Abstract

Light plays a crucial role throughout the life cycle of higher plants modulating various aspects of their growth and development, such as seed germination, leaf differentiation, flowering, and senescence. Plants have thus evolved extremely sensitive mechanisms to continually detect the changing ambient light conditions and transduce the information to the gene expression machinery.
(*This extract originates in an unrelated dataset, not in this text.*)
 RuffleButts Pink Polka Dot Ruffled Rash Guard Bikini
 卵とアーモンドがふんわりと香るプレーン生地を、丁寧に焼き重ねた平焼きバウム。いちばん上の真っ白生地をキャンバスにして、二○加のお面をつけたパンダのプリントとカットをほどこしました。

The elucidation of this complex information sensing and transduction machinery is fundamental to our understanding of the molecular mechanisms involved in light-regulated plant development. The last decade has witnessed an immense upsurge in information in this regard and the mechanism of photosensory perception and phototransduction is turning out to be quite intricate, involving an array of cellular effectors and biochemical messengers. The analysis of photomorphogenic mutants, predominantly of Arabidopsis, has revealed interesting facts, not only about the intricacies of light signaling circuitry, but also about the multiplicity of the photoreceptors and their specialized or overlapping photosensory functions. In addition, these studies have also highlighted, and in some cases even redefined, the role of conventional plant growth regulators in modulating photomorphogenic development. Employing standard recombinant DNA techniques, substantial information has also become available about the regulatory cis-acting DNA sequences that make a gene amenable to light control and the trans-acting protein factors that can potentially interact with these cis-acting sequences on receiving the signal from the upstream transduction components. The information available to date on these emerging trends in photomorphogenesis research has been summarized and critically evaluated in this review.